The way in which organisations conduct business online, manage their websites, and design customer journeys is set to change, due to changes in website cookie consent across the web. The Key changes to website cookie consent in 2022 are:
- The consent used for all cookies on 80% of EU websites may be invalid in six months. (Note that some of the current consents and permissions may be unlawful now.)
- Consider taking steps to stop using Google Analytics or identify alternative means for gathering analytics data.
- Effective immediately, Google Analytics should not be used in France or Austria, with other countries close behind.
- Regulators are beginning to take a firm stance on transfers to the US.
- The threshold for setting supplementary measures that effectively protect data from FISA 702 or the CLOUD ACT is high
There has been a recent trend where regulators are finding against various aspects of how website operators manage their domains. It is evident that a shift in how the online space functions are coming sooner rather than later as we see the method of consent gathering that 80% of EU websites being found non-compliant. As well as this, two regulators have deemed the use of Google Analytics unlawful, with others soon to follow suit. We have reviewed these findings and broken out the key points and actions you should consider.
Background to website cookie consent changes 2022
The Transparency and Consent Framework (see more about TCF here) is an advertising industry framework to help publishers, agencies and advertisers to meet their transparency and consent requirement under GDPR. It is a framework issued to manage consent for 80% of EU websites. See the further reading section for some brief information on how TCF works. It was established by IAB Europe, the European-level association for the digital marketing and advertising ecosystem that develops standards, policy, and undertakes research in those fields.
Closely linked to TCF is the use of Google Analytics. After the Schrems II judgement in 2020, NOYB issued 101 complaints to several regulators on using cookies. These have culminated in decisions by the French and Austrian regulators where it was found that Google Analytics is unlawful.
What do cookie consent changes mean for you?
These cases represent the new enforcement focus for many DPAs – "Cookie consent" and "third country data transfers". This focus will impact nearly every company that has an online presence. Essentially it means that the online world of business is poised to change.
What do you have to do?
When do you have to do it?
Organisations need to begin looking for alternatives to third-party cookies and reimagining their online presence.
Transparency and Consent Framework Ecosystem
The is a brief document designed to give an understanding of how the Transparency and Consent Framework (TCF) operates. For more information, please talk to your website developer or see the IAB Europe's website.
Main Parties of TCF
- Publishers — Parties who make advertising space available on their website or in their application and who are in direct contact with users whose personal data are collected and processed. A publisher may provide a CMP on its website or in its app to enable it to seek and manage the consent of visitors/users to the processing of their personal data and to facilitate the operation of TCF. Publishers decide which adtech vendors may collect data through their website and process their users' personal data (and/or access their devices) and for what purposes.
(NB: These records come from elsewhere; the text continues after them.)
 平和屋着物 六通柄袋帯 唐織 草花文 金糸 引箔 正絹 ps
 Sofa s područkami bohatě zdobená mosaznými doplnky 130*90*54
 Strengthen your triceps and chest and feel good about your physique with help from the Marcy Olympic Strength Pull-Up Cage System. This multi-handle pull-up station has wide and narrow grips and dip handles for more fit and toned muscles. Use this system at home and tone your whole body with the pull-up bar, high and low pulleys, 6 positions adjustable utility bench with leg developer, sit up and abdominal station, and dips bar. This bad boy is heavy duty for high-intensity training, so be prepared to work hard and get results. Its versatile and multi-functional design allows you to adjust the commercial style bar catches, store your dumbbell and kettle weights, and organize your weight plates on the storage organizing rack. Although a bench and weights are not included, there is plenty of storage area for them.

- Adtech vendors — Companies that receive personal data from publishers in order to fill advertising spaces on publisher websites or in publisher apps, such as advertisers, SSPs, DSPs, Ad Exchanges, and DMPs.
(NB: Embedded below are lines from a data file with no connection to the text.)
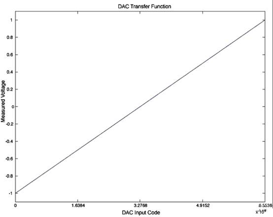 使用相似的等式,可以计算任意给定输入编码的电压值。利用MATLAB?或Excel?软件等工具可以很容易地计算所有编码的电压,重建全部的DAC传输。
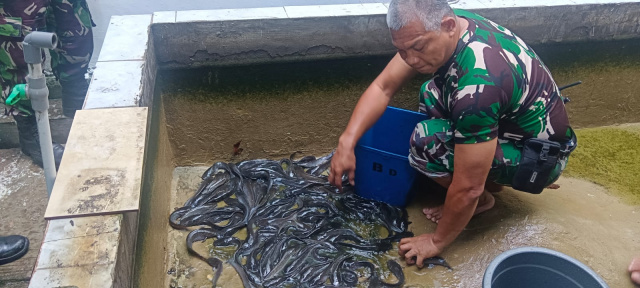 Babinsa Koramil Sawah Besar Panen Ikan Hasil Budidaya Mandiri
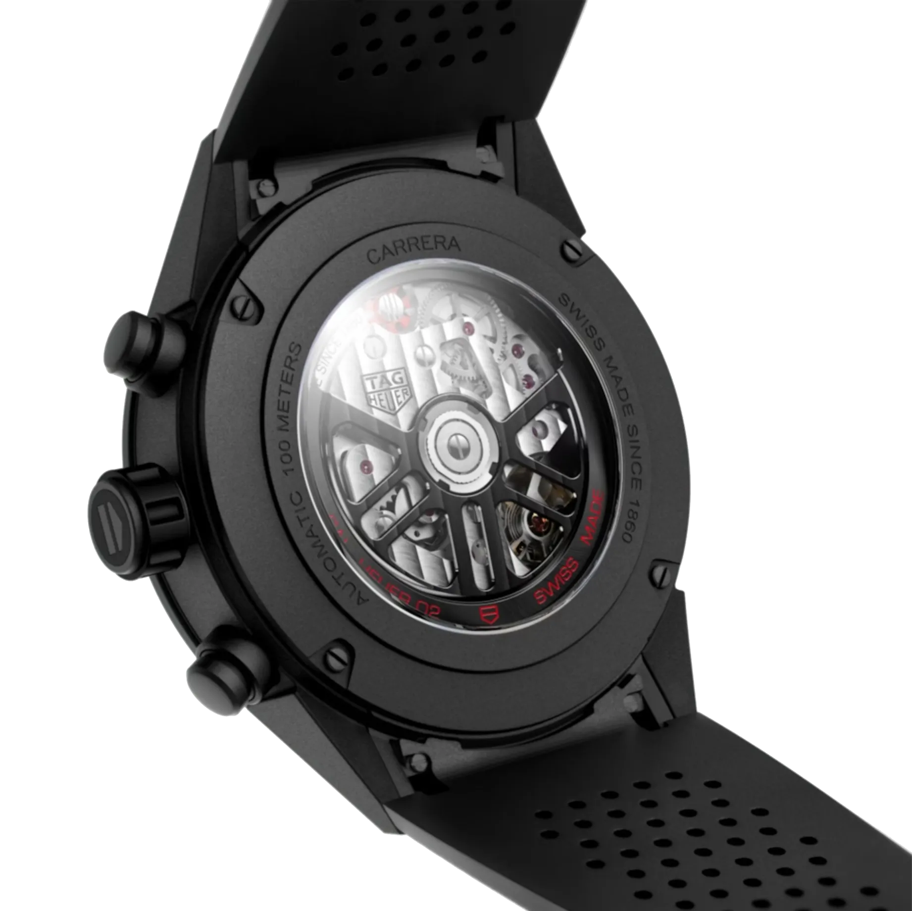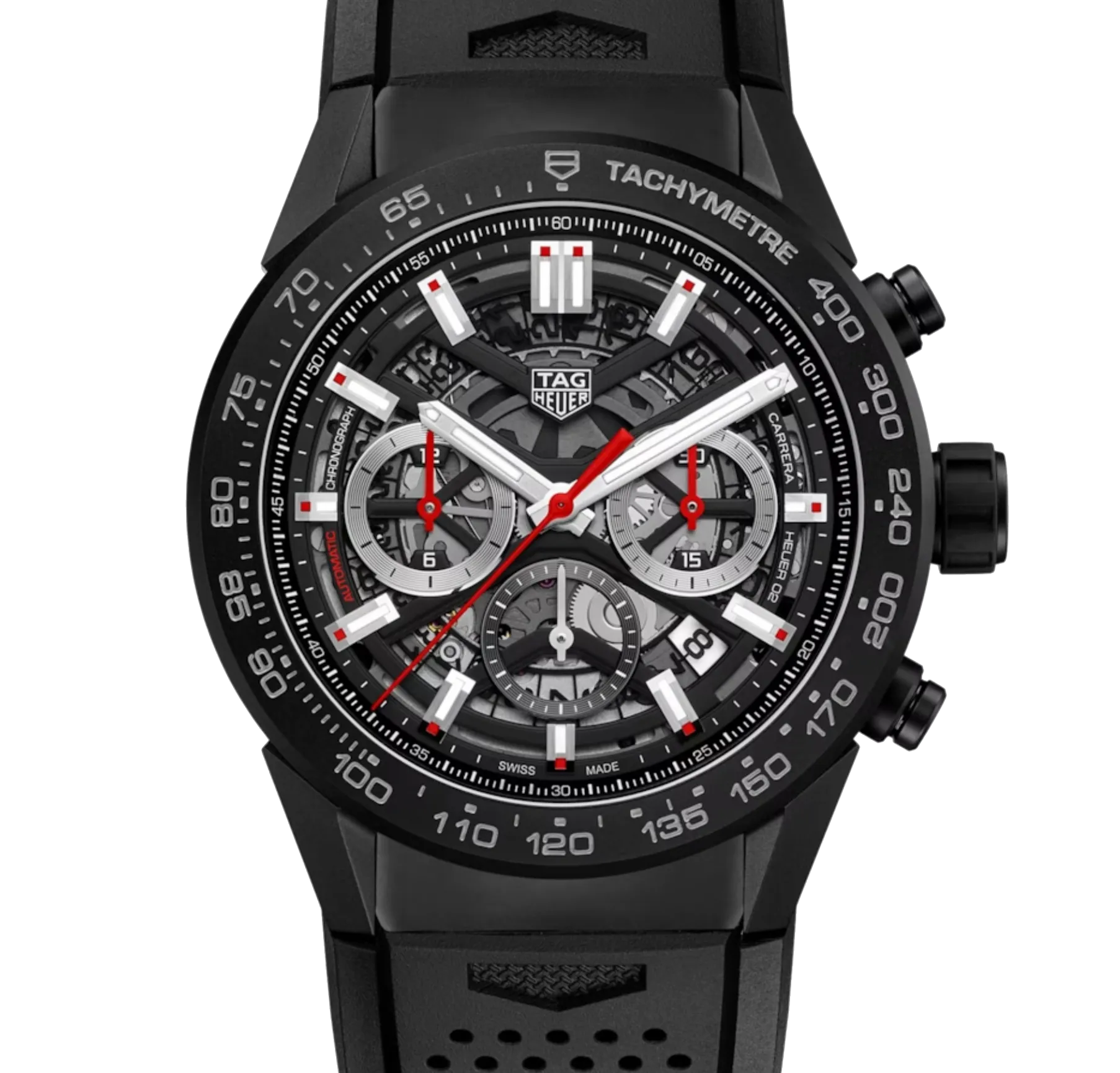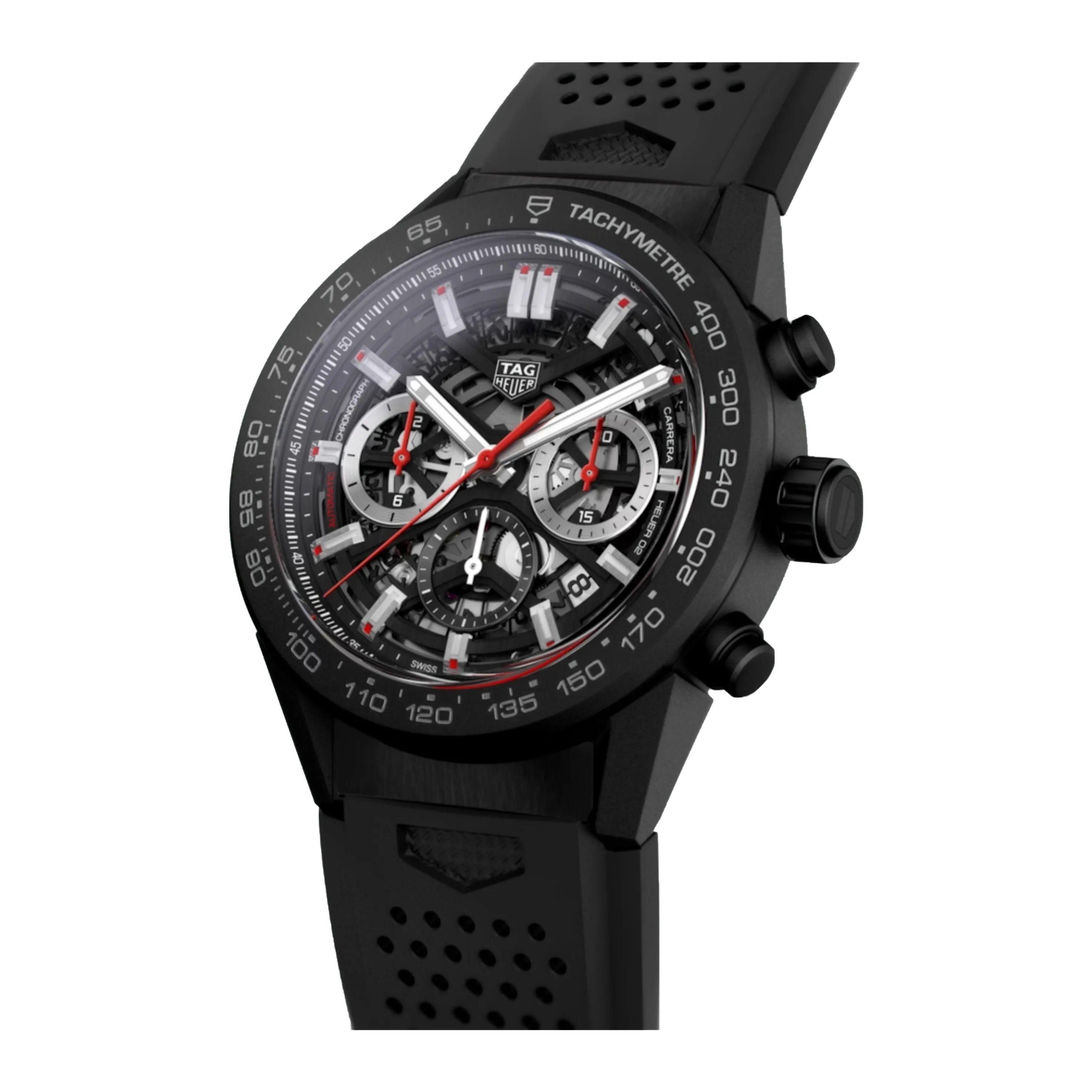 A black 45mm automatic chronograph true to the TAG Heuer Carrera’s unique roots in motor-racing. Original counter positioning at 3-6-9 dial adorns the skeletonized dial. Sporty rubber strap. The manufacture automatic movement Heuer 02 provide you with a stunning 80 hours power reserve.

- Consent Management Platforms — Specifically for TCF, there are also companies that offer so-called "Consent Management Platforms" (CMPs). Specifically, a CMP takes the form of a pop-up that appears during the first connection to a website to collect the Internet user's consent to the placement of cookies and other identifying information.
How the “Framework” works
- User accesses webpage or app belonging to the publisher
- Website or app activates a consent management platform (chosen by publisher)
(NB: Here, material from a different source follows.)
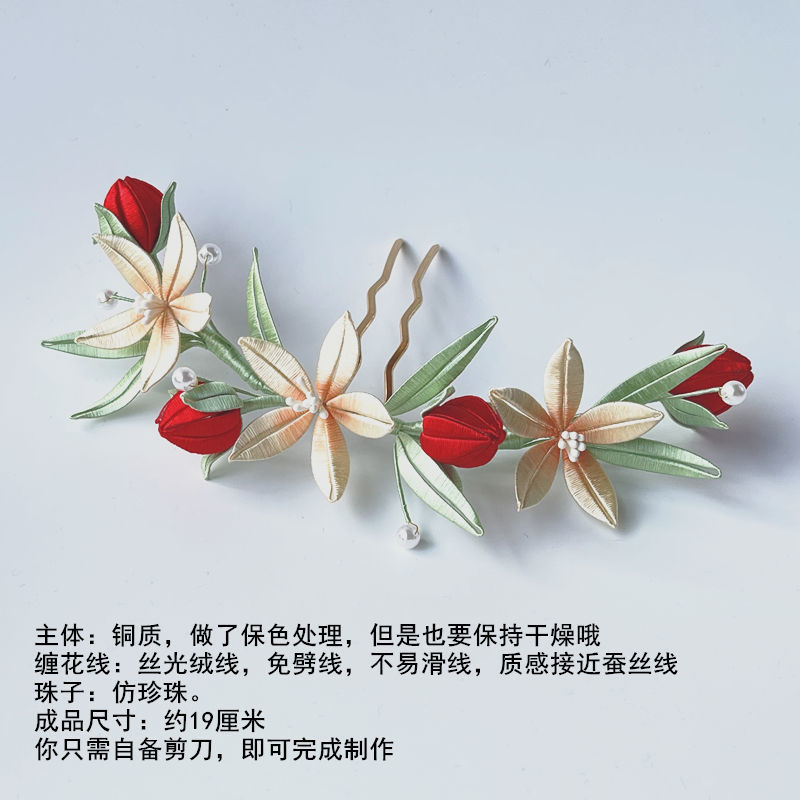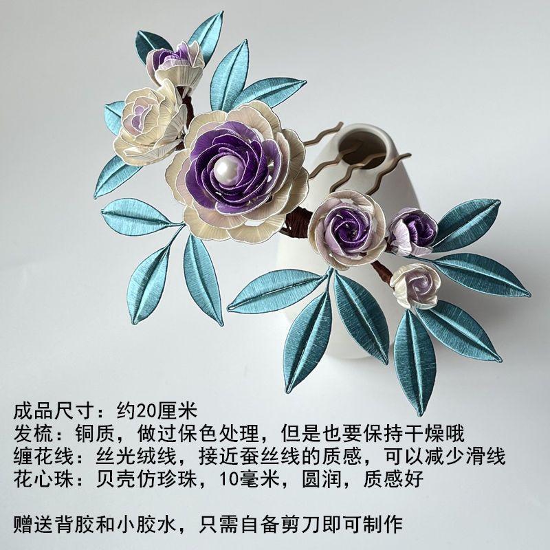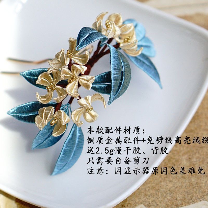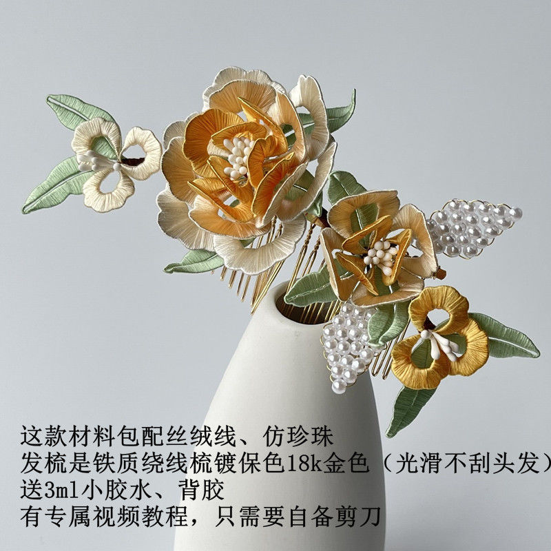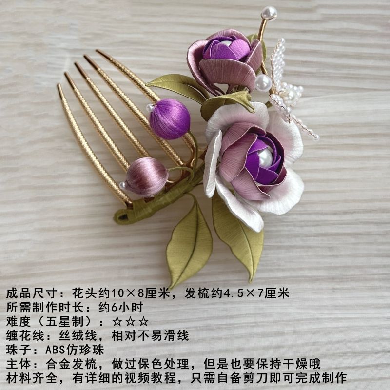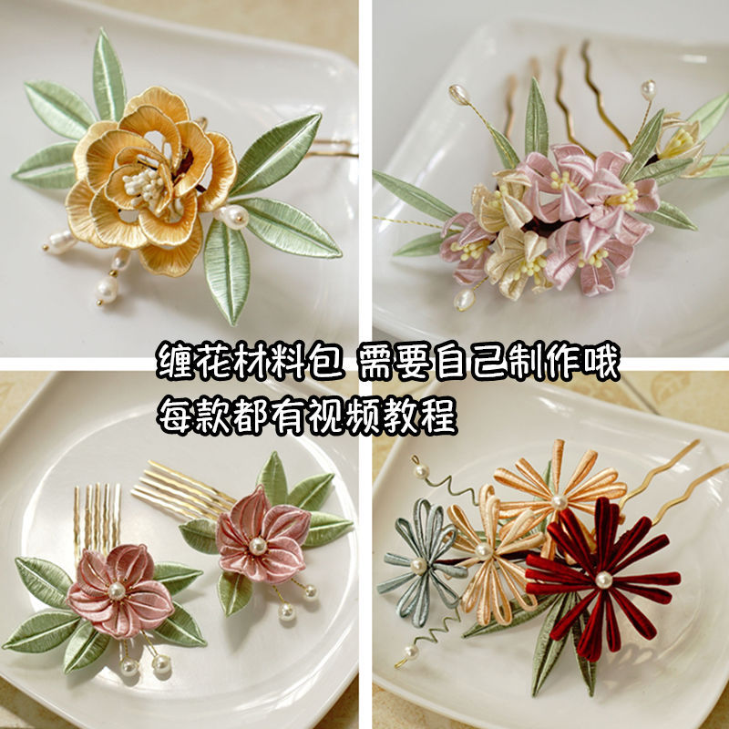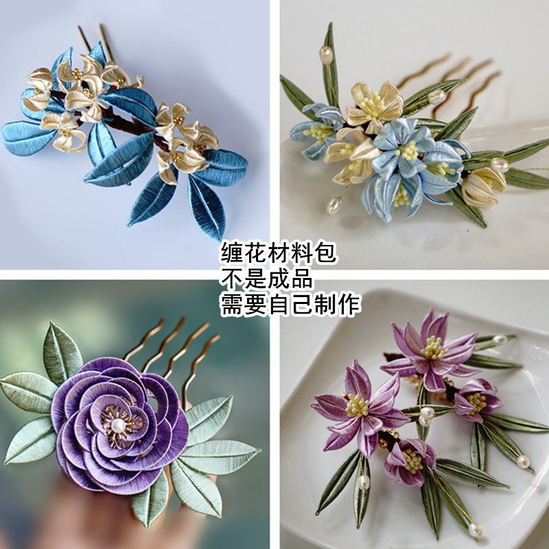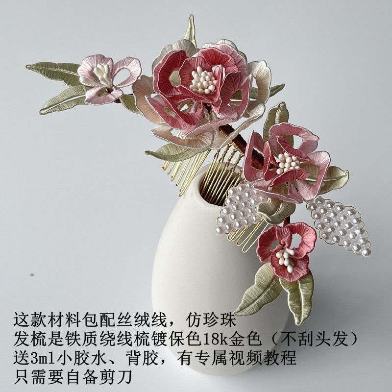 缠花发簪发梳材料包免劈线高亮绒线纯铜配件diy材料包有视频教程

- The consent management platform checks for "eu-consent-v2" cookie on the user's device through the "consensus.org" domain
- If there is no cookie identified or if there is an update necessary, then the consent management platform will show the permission UI
- The user clicks "accept all", "reject all", or "save" in the consent pop up
- The consent management platform generates an "eu-consent-v2" cookie to update the user's preference
Are you using the TCF?
Approximately 80% of websites in Europe rely on the TCF. To find out if a website does, you can search for the cookies mentioned above or get in touch with the website developer.